On a slightly different note, from my experience, companies who pay less actually expect just as much if not more than companies who pay competitively.


“Position in band” is often a factor in performance reviews. Consider a common process - say you’re “senior level” and in your review you’ll be rated on six categories, then given a raise based on where you are overall relative to “meets expectations.”

If you’re senior but at the bottom of the senior band, and you’re mostly “at expectations” for your level but maybe “slightly below” in 1-2 categories, you’ll probably still net out at “meets” with a normal raise. If you’re senior but the highest paid senior - that’s probably going to net out at “below” overall, or zero-to-small raise.


Such systems do exist in smaller companies where leadership knows everyone and their contributions, but I’ve never seen it work this way in big companies.


You're confusing two unrelated situations.

Companies that dramatically underpay are often out of touch. So naturally they expect more effort than their already out of touch compensation would indicate.

But in companies with competitive comp, you almost certainly will be expected to meet a higher bar after negotiating a higher salary.

Once you argue for a higher salary than "the other guy" the implication is you can deliver more value. People don't just forget that on your start date.


“Somewhere between the janitor and the CEO, reasons stop mattering.”


Really good point. I feel really lucky making the money I do with the responsibilities I currently have. But posts like this make me feel some amount of FOMO. Responses like yours add good perspective these posts seem to be missing


But:

Overdelivering on expectations often just means be better than the rest of the company.

Most companies don't operate on global skill levels.


Means you failed to keep some back and now you rebaselined to that comp to work ratio


I believe this is the idea in theory.
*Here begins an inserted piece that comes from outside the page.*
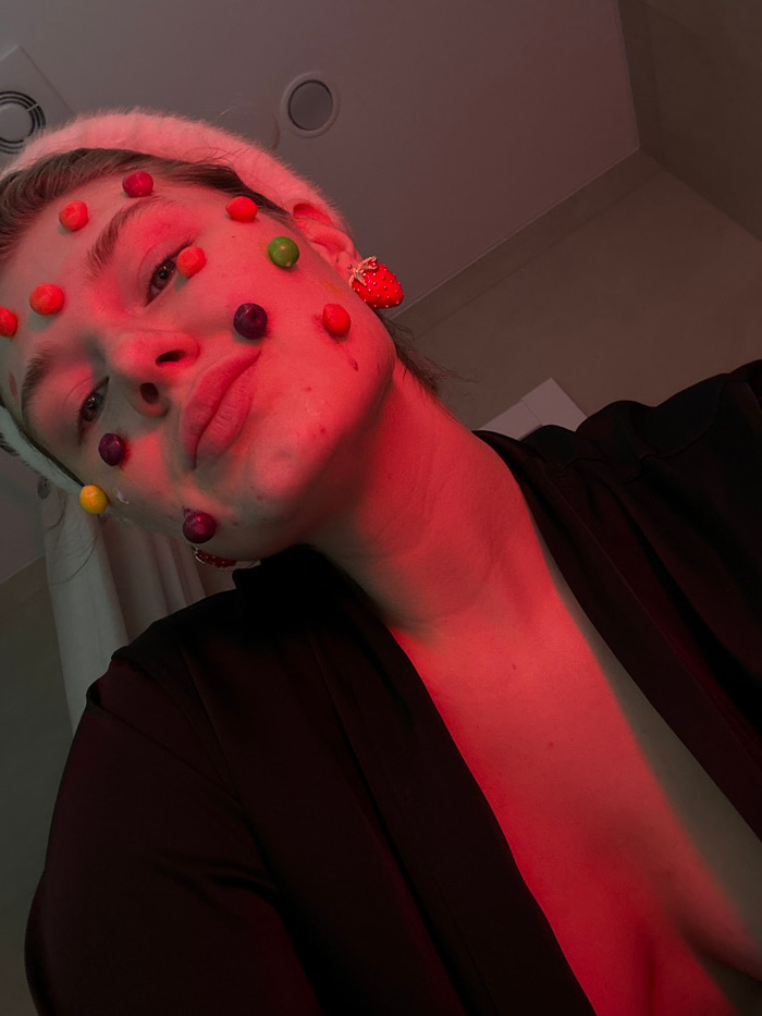 A female individual is depicted from a low-angle perspective, illuminated by strong red lighting. Her face is adorned with multiple small, multi-colored, spherical objects resembling candies, affixed…read more

I don't think it holds a lot of weight in reality.


Honestly this sounds to me like a "you" problem. Tell your bosses what you can accomplish and do it. Do you really think your CEO is the most productive person at the whole company?


When the buck stops with you, yes you either get it done or step back

Are execs the most productive people at the company? They can be. They have a whole org attached to them so they can multiply their efforts through others. That’s one thing. Then there is the fact they I see execs consistently putting in way more hours to deliver on promises and responsibilities.

I realize this isn’t always the case but high performers in top positions do exist. It’s seeing the required levels of dedication that actually made me decide not to pursue a career like that. It would exhaust me. I’m fine playing second fiddle. Not third, maybe, but second is fine.

.


God forbid people get value of the money they pay you


There's also opportunity which can quickly bring more money and promotion at IC level. Some big companies just have budgets for the hiring role and can't step outside it no matter how the hiring manager fights for you. You need to weigh up the pros/cons in such a scenario if the role is about more than just money to you. Sometimes it's pure $$$.